Earlier during the day, the currency was trading at 231.
Many analysts said the rupee was bound to see significant depreciation as Pakistan moved to meet conditions of the IMF to revive its bailout programme.
Fahad Rauf, Head of Research at Ismail Iqbal Securities Limited, said it seemed like the rupee was let go today.
“This was a market-driven rate,” Rauf told Business Recorder. “This is a sign that we are moving closer to reviving the stalled IMF programme.”
The market expert said the development was much-needed as capping the inter-bank rate only led to a creation of the grey market.
“Exporters were not bringing their proceeds, while remittances declined as customers moved towards illegal channels offering premium rates,” he said.
Another market expert, on condition of anonymity, called it a “much needed step”.
“You cannot fight market forces. The market always wins,” said the analyst.
“This development will improve the dollar supply to a significant extent. The IMF programme revival is just around the corner now. We could see major news regarding it in the next 10-15 days.”
The rupee has been on a depreciating run for a while, but the magnitude of the fall has been low.
On Wednesday, the rupee had registered a loss for the 26th successive session against the US dollar to settle at 230.89 after a decrease of Re0.49 or 0.21%.

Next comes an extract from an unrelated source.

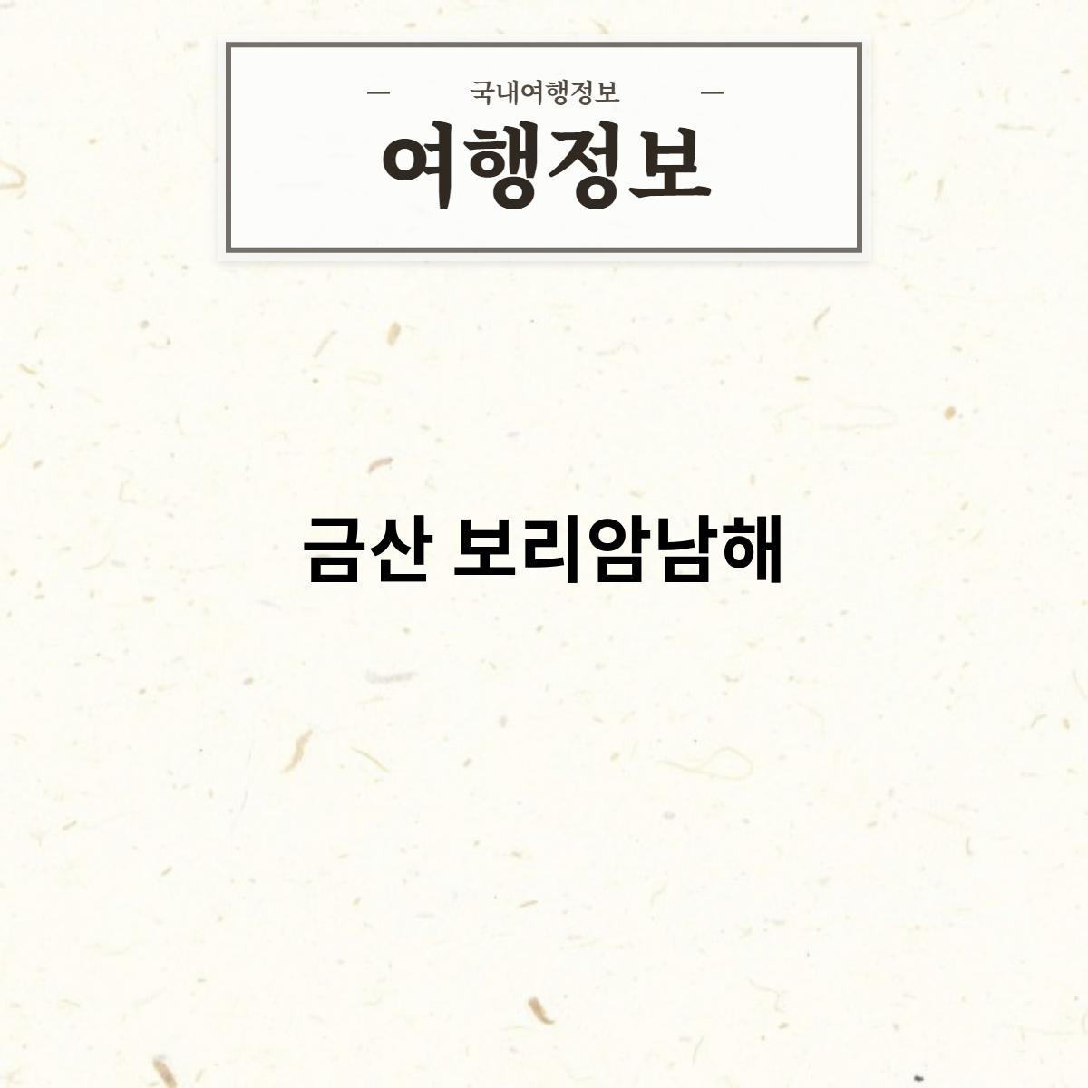 금산 보리암은 경상남도 남해군 금산면 대흥리에 위치한 사찰입니다. 남해의 관문인 금산면 대흥리 금산에 자리 잡고 있으며, 남해의 대표적인 관광지 중 하나입니다.

In a key development, the Pakistani rupee on Wednesday reportedly fell significantly in the open market as well, hitting levels beyond Rs250 per US Dollar. However, as the day progressed, customers struggled to get their hands on the greenback.
The on-ground situation, Business Recorder found, was that dollars continued to be scarce in supply for customers approaching the exchange companies.

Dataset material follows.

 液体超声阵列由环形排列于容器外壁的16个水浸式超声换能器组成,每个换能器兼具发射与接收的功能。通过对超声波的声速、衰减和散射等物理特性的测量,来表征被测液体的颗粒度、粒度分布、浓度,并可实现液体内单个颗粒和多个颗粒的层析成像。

The development comes after the Exchange Companies Association of Pakistan (ECAP) decision to “remove a self-imposed price cap” it used to sell and buy dollars in the open market, adding that it will now trade in accordance with the prevalent demand and supply dynamics.
Inter-bank market rates for dollar on Thursday
BID Rs 255.5
OFFER Rs 260
Open-market movement
In the open market, the PKR lost 19.40 rupees for buying and 19 rupees for selling against USD, closing at 260 and 262, respectively.
Against Euro, the PKR lost 3.50 rupees for both buying and selling, closing at 276.50 and 279 respectively.
Against UAE Dirham, the PKR lost 1.20 rupees for both buying and selling, closing at 71.50 and 72, respectively.
Against Saudi Riyal, the PKR lost 2 rupees for buying and 2.10 rupees for selling, closing at 69.50 and 70.10, respectively.
Open-market rates for dollar on Thursday
BID Rs 260
OFFER Rs 262
International movement
Internationally, the dollar lolled near an eight-month low against its peers on Thursday, as a gloomy US corporate earnings season stoked recession fears and as traders stayed on guard ahead of a slew of central bank meetings next week.
The US dollar index, which measures the greenback against a basket of currencies, last stood at 101.53, languishing near last week’s eight-month trough of 101.51.
Oil prices, a key indicator of currency parity, were up in early Asian trade on Thursday as US crude stocks rose less than expected, while a weaker dollar made oil cheaper for non-American buyers.